I’m told to do this on the “Back End” because should something go wrong (ie signal drops out during payment) then payment will still be made because it’s done on the “Back End”. That makes sense…BUT
…the payment is done via Stripe so isn’t it being done on their system so doesn’t need to be done on my app’s “Back End”?
The other thing is that there aren’t any Element Actions available when creating Back End workflows which is a problem because my app makes good use of Custom States to store basic stuff like how many of what product is being ordered and because this isn’t available to the Back End workflows I can’t get basic information to log in the transaction. In fact, I’m told that to do this I need to set up Parameters when I set up the Payment Intention in Stripe but to do this I appear to need to install the API Connector and use “Metadata” from the “JSON payload” which is all too daunting.
When it comes to the Amount to charge, I appear at least to be able to Request Data but this doesn’t work, the reference link goes nowhere and there are no options offered to Request the Data from. This is what I see when I try it…
So, at the moment, I have a button to “Confirm Order and Pay” and when a User clicks it, they’re taken to Stripe’s payment screen via a workflow on the button. A Webhook alerts my app that payment was successful and then I just want to log the order and move on. I’m not sure what I’m doing is very unusual but it seems so horribly complicated. Can anyone help or point me in the right direction or a helpful resource for this or even point me to an example of a payment being taken then the order being logged? I’d be so grateful if they can because I’ve spent 4 days trying to get this far and it’s getting very frustrating.
Pay now button is clicked > create an order (or just use your shopping cart) > send user to Stripe and pass the unique ID of the order in the metadata.
On completion, redirect the user to your thank you page, including the order unique ID in the URL so you can display information about the order
The backend webhook picks up the successful payment, the payload contains a reference to the order’s unique ID in the metadata, so from that you can access all the other data you need to run you payment success workflows.
Many thanks for this. It mostly makes sense but I think I’m a bit out of my depth so do you mind if I ask you one extra thing…
When you say “pass the unique ID of the order in the metadata” can you expand on this. I don’t even know what metadata is I’m afraid. Also, I generate my own Unique Ref IDs for orders so do I use these or the really long ones that Bubble does?
If you can give me a nudge to help me understand metadata and how to pass data into it, I can probably work out the rest.
I really appreciate your help as ever. Thank you so much.
Have a lovely evening.
Best
Joe
You must have some form of back-end in order to use Stripe. When you use Stripe Checkout (a form you can copy and paste onto your website), what happens is that Stripe verifies the card and then sends a code back to your server. Then, using that code, your server must make a second request to Stripe’s servers so that the right amount may be charged to the customer’s card.
You can pass it in the decsription field. But I don’t know how to do this with Plugins. That’s why I don’t like plugins for stripe (beyond “charge the user” as that needs JS).
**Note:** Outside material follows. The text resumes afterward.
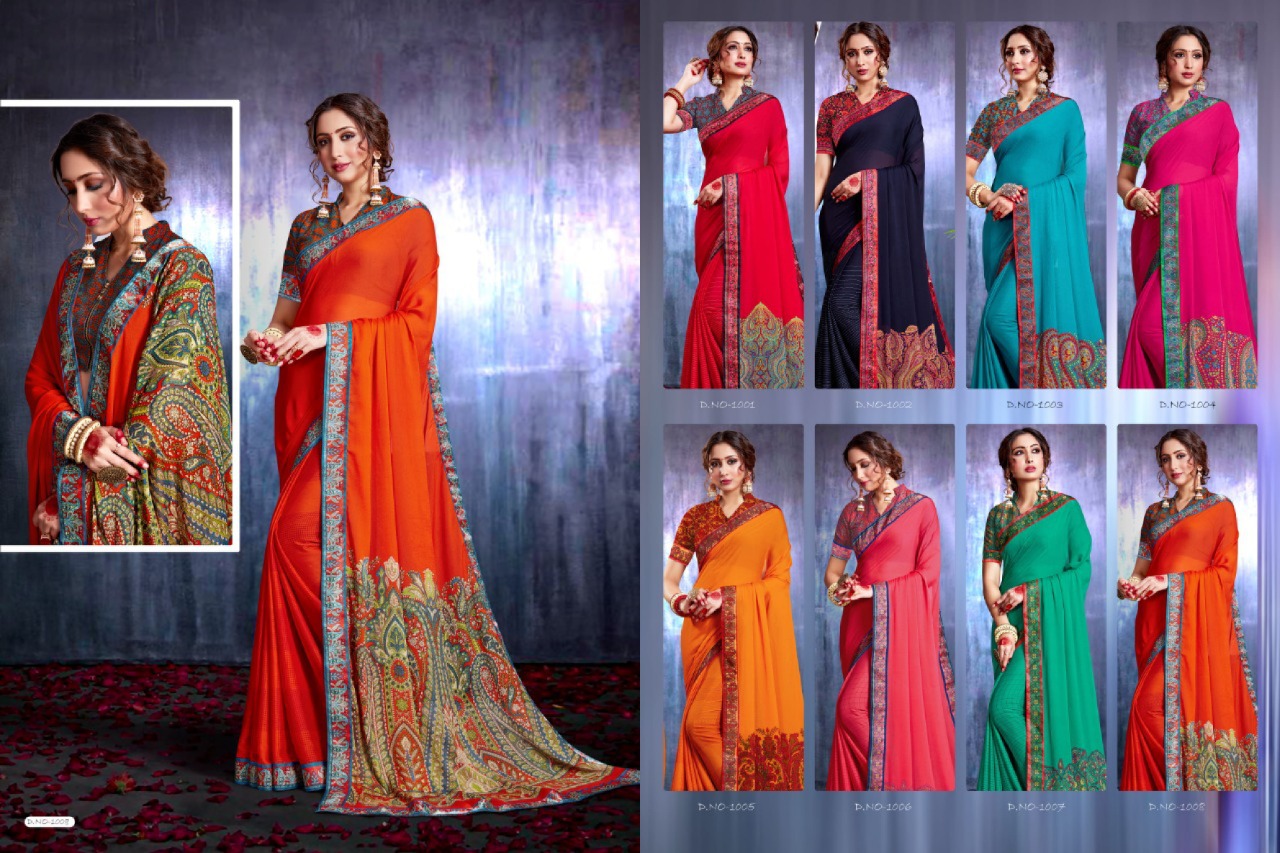 NEW INTRODUCING MUDHRA Brand:- MANSAROVER FASHION Rate:- 525/- _Fabric:- MASAKALI PEDDING DISHARGE PRINT WITH EXCLUSIVE DIGITAL PRINT FANCY BODER Total Designs:- 08 _Packing pcs :- set to set Matching :- SINGLE COLOR WITH BLOUSE GST 5 Percent Extra. Delivery from today |

When you say “pass the unique ID of the order in the metadata” can you expand on this. I don’t even know what metadata is I’m afraid.
Metadata is just any additional data you want to pass into the API call to Stripe that isn’t part of that actual functionality of the API call…
So, you just add the unique ID as the value in the API parameter… that way you can retreive it when it gets passed back to your app in a webhook.
Also, I generate my own Unique Ref IDs for orders so do I use these or the really long ones that Bubble does?
I’d definitely recommend using the Bubble generated unique ID for this, rather than any custom generated ID, to avoid any possible errors (plus you can read the unique ID directly from the URL on the success page without having to do any searches).